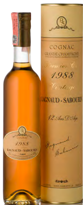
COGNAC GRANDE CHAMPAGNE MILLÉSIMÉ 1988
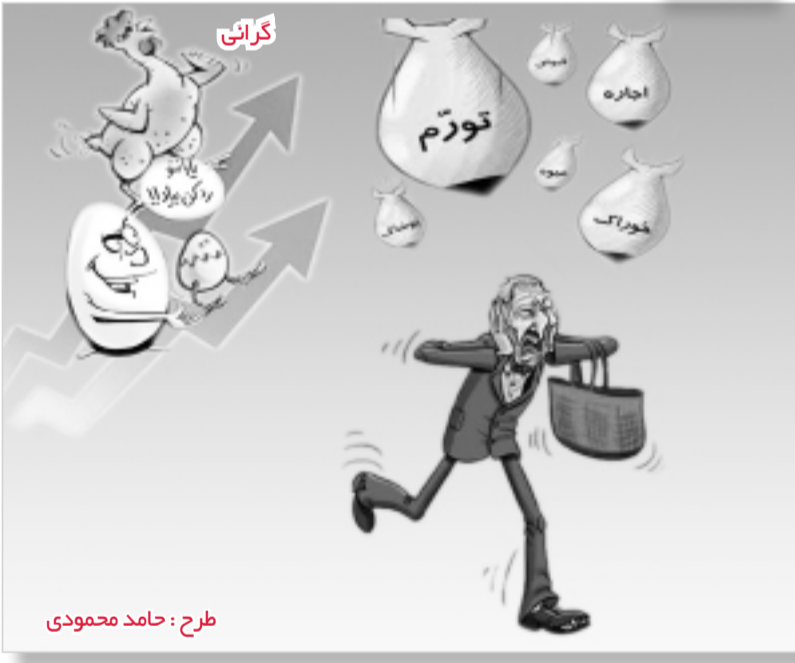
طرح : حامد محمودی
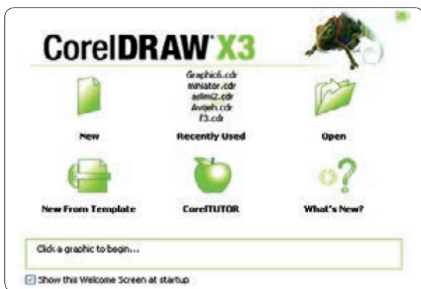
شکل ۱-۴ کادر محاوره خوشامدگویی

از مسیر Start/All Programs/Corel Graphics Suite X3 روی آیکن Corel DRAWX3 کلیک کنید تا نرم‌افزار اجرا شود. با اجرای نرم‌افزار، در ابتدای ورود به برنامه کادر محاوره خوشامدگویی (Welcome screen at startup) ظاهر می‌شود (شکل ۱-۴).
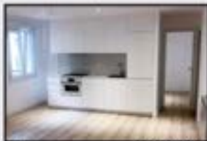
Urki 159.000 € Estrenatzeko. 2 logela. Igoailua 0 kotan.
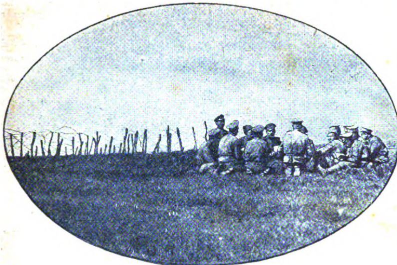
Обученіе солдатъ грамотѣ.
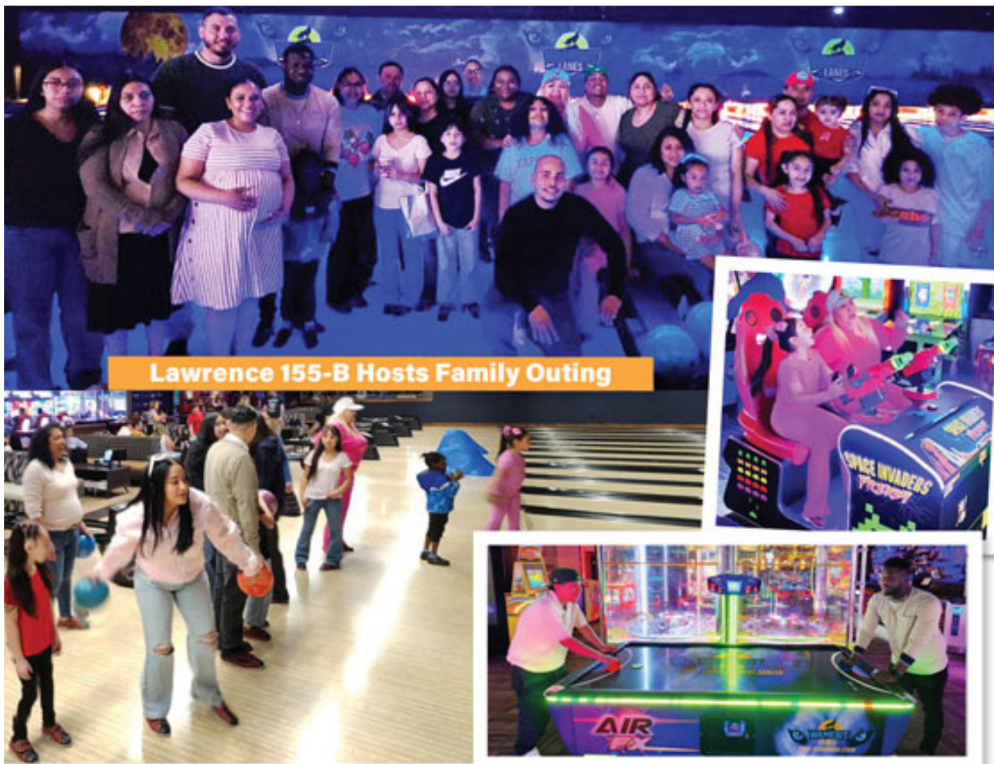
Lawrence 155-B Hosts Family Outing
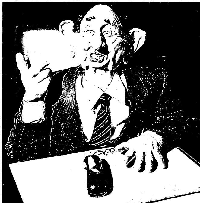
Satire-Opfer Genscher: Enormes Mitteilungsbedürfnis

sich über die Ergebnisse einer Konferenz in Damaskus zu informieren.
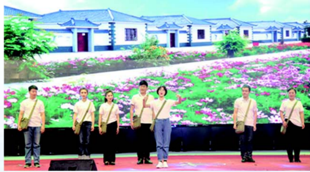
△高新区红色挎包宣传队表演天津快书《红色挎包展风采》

^^^^^^^^

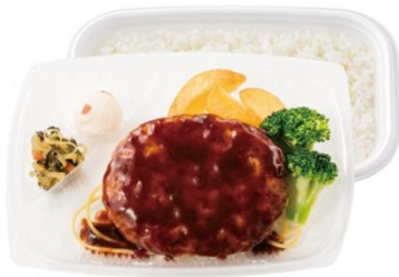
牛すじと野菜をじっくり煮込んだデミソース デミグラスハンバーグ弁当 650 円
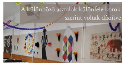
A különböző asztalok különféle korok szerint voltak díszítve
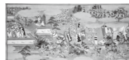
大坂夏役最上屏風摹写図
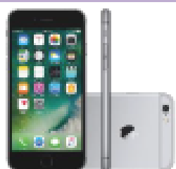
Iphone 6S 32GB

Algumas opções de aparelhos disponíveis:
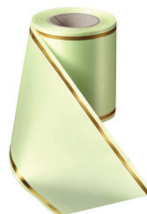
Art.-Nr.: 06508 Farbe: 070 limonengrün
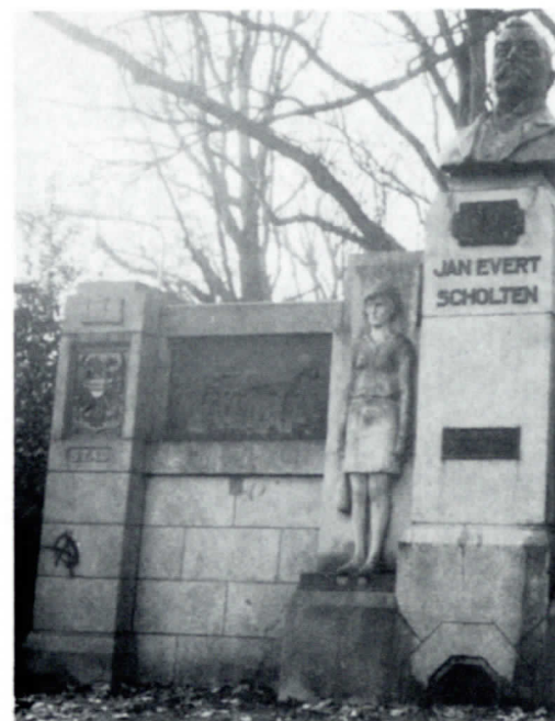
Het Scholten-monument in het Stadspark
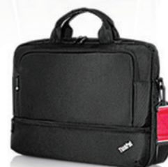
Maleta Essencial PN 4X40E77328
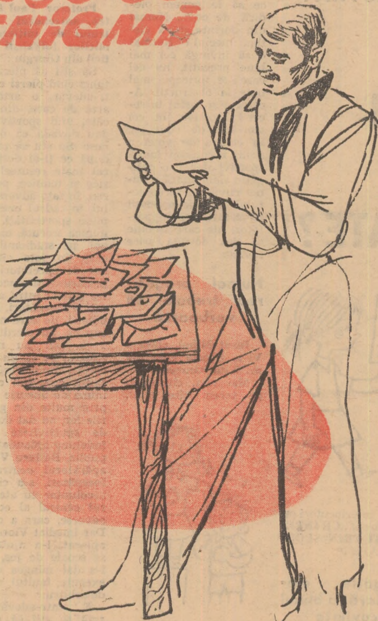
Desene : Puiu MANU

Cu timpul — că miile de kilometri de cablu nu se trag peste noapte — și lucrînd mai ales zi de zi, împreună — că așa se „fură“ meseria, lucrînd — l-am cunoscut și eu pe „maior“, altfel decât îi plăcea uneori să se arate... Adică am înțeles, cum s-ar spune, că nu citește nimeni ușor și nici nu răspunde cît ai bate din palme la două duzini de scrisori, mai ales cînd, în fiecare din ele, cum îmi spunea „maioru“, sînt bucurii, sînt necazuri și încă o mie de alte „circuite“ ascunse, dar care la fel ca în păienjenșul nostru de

^^^^^^^^

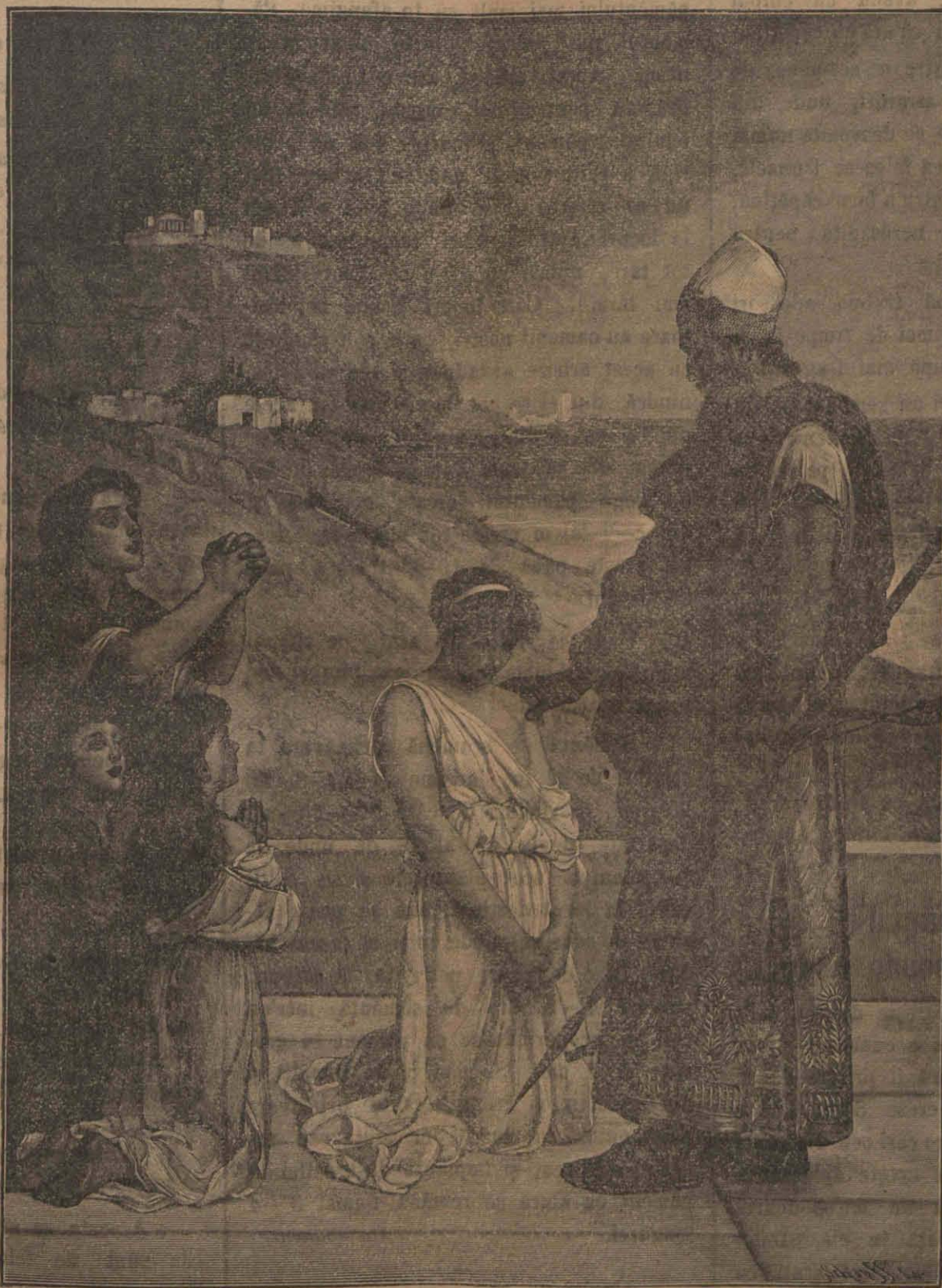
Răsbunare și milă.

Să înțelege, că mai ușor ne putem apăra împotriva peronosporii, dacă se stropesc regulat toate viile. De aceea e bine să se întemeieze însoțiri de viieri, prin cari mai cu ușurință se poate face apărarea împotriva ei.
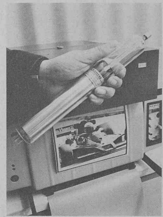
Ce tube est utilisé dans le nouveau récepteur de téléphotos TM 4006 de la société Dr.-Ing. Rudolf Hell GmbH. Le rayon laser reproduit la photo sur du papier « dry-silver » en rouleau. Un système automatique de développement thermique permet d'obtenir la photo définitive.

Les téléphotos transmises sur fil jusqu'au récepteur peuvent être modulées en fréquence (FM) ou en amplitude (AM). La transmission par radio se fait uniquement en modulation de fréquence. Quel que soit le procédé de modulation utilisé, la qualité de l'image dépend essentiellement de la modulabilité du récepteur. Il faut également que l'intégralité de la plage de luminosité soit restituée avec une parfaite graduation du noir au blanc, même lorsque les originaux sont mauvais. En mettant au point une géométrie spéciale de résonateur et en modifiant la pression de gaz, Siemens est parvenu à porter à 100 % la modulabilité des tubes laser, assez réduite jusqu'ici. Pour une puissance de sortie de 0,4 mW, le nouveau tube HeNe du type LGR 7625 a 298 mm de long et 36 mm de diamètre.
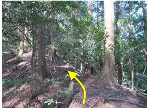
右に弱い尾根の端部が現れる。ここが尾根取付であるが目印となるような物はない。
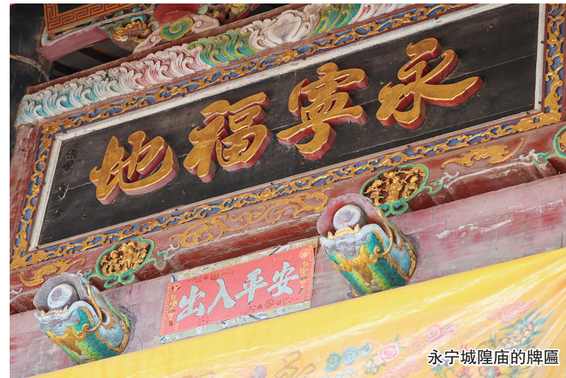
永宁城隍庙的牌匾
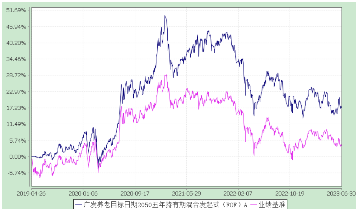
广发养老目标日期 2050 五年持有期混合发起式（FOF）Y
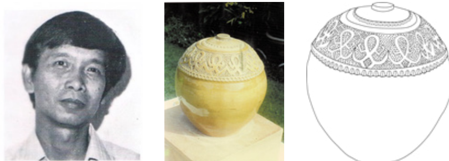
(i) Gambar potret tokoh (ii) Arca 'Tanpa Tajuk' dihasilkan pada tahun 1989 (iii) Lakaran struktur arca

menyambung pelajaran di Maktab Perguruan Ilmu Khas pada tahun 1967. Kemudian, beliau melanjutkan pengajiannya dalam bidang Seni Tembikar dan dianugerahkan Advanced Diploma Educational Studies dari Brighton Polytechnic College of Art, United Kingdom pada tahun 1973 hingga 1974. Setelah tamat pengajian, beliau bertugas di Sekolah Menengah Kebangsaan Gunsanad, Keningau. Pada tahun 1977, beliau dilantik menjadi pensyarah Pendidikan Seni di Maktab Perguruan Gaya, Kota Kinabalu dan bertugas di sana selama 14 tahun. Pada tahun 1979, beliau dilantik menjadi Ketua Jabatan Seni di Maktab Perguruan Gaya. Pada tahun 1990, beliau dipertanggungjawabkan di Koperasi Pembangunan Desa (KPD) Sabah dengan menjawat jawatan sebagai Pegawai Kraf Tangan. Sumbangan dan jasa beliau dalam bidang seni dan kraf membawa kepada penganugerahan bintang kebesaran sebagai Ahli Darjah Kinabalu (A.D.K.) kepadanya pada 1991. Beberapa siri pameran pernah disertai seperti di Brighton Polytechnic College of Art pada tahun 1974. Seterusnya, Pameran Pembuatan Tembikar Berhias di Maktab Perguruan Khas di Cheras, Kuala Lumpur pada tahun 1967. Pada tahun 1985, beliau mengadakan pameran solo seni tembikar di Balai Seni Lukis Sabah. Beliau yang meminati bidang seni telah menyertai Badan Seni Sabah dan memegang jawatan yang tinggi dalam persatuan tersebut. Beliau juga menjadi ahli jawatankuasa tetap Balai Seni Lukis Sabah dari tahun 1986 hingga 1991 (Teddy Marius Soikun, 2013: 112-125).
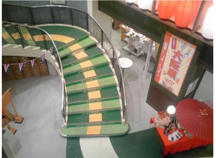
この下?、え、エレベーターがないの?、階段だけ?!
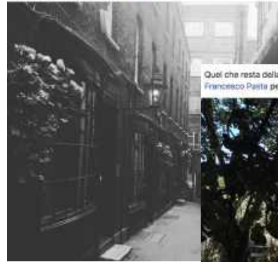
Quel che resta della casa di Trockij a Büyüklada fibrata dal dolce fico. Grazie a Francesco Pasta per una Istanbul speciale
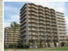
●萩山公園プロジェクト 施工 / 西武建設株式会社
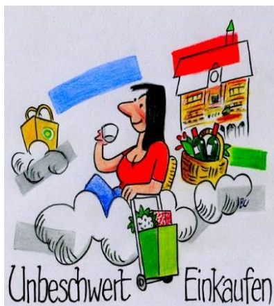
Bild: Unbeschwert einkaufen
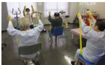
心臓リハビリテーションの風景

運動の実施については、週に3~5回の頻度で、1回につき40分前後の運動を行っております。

^^^^^^^^

All lines above that include the word "laser" should be located and copied.

SOLUTION TO THIS PROBLEM:
Ce tube est utilisé dans le nouveau récepteur de téléphotos TM 4006 de la société Dr.-Ing. Rudolf Hell GmbH. Le rayon laser reproduit la photo sur du papier « dry-silver » en rouleau. Un système automatique de développement thermique permet d'obtenir la photo définitive.
Les téléphotos transmises sur fil jusqu'au récepteur peuvent être modulées en fréquence (FM) ou en amplitude (AM). La transmission par radio se fait uniquement en modulation de fréquence. Quel que soit le procédé de modulation utilisé, la qualité de l'image dépend essentiellement de la modulabilité du récepteur. Il faut également que l'intégralité de la plage de luminosité soit restituée avec une parfaite graduation du noir au blanc, même lorsque les originaux sont mauvais. En mettant au point une géométrie spéciale de résonateur et en modifiant la pression de gaz, Siemens est parvenu à porter à 100 % la modulabilité des tubes laser, assez réduite jusqu'ici. Pour une puissance de sortie de 0,4 mW, le nouveau tube HeNe du type LGR 7625 a 298 mm de long et 36 mm de diamètre.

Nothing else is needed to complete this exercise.